Susie, again I am sorry this is going on in your life. I've been thinking about you and it brought up a memory of 18 years ago when my life blew up in almost every way a life could. One part of it was losing my home, along with my career, money, relationship, friends, animals, father, really, life as I knew it. Leaving that home, which I loved so much, was devastating. It took awhile to calm down from all those losses.
You mentioned it was bittersweet, so I hope what I am about to say is not interpreted as insensitive to how awful losing ones home is..............it's simply my viewpoint now, from the vantage point of having gone through some pretty severe losses. I look back now and believe the ending of that life was fortuitous. Why? Because it ushered in a new life where I am more ME, the old was gone, the new was better. It took a weight off of me, the burden of expectations perhaps. I had achieved a lot, but was it really what I truly wanted? I went through some deep soul searching and discovered that I wanted much less, I wanted a more simple life with fewer things and fewer people. It all boiled itself down in some very real way. After all, I had lost EVERYTHING. Odd that now I feel grateful for that time, even though it was one of the hardest times in my life as I clung to what I had and thought I wanted and needed with a ferocity unparalleled in my life. It's all I knew at the time. Now I realize I wanted something deeper, not the material and external perks of the American dream, but a sense of belonging, connection and fulfillment which I have spent a lot of years learning about and seeking out. Perhaps it's beyond words, I don't know if I can explain this well, I wanted to feel contentment with what is, a sense of peace within myself and a connection to others that really expressed love and acceptance, for me, the truest meaning of life. My losses pushed me into looking for something different then I had been brought up to want, the losses demanded my attention in the severity of it all and a part of me woke up and thought, wait a minute, I want more then this.

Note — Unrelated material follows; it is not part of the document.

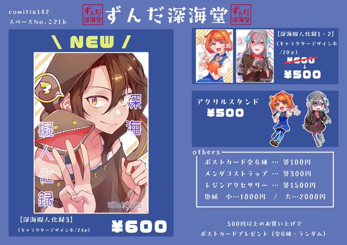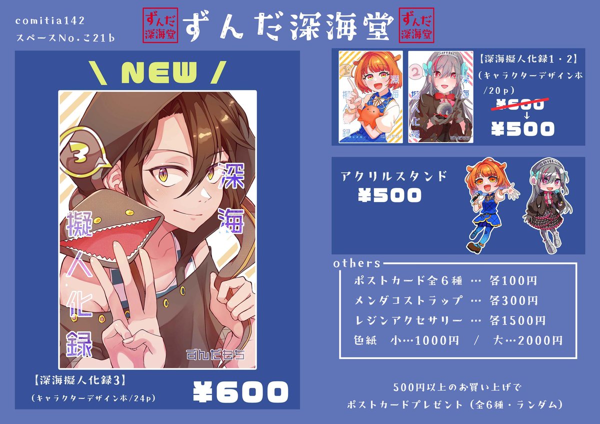 明日のコミティアのお品書きです! ◇11/27(日)COMITIA142◇ [スペースNo.こ21b] サークル名【ずんだ深海堂】にてお待ちしております! 新刊刊行にあたり既刊を値下げしましたので、ぜひこの機会にお立ち寄り下さいー!!🙌 (深海生物の色紙もあるよ〜) #コミティア142 #COMITIA142

I look at it now as a spiritual path. An inner transformation, for me, of great magnitude. I started abandoning my role as caregiver, something that took a really long time and I'm still at it to some degree, I sought out new people, a new job, found a new relationship, and made different choices. Life did become much simpler and in a lot of ways much easier. I have nowhere near the money and security that my friends have, I can't boast about my material life in any way, other then I have enough. The search for external security is over, I believe security is an inside job. I think the biggest shift is I feel a lot of gratitude simply for what is.

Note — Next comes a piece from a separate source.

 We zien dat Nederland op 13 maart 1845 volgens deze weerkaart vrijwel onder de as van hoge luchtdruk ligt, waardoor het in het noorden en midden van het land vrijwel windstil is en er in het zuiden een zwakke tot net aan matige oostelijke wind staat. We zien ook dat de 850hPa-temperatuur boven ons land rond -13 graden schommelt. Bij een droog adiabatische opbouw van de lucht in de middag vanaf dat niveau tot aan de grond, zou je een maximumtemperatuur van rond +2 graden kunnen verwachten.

So, a long story to say, sometimes a loss precipitates a new beginning, one in which you are more comfortable within yourself and happier. Once the holding on part is over and you let go, you may indeed, feel freer, more liberated and lighter. I did. You sound like you are ready for the change. My guess is that this will be a positive move which gives you more of what you truly want and need. My prayers and best wishes go out to you for this to be an easy transition which brings you peace and happiness. Please keep us updated.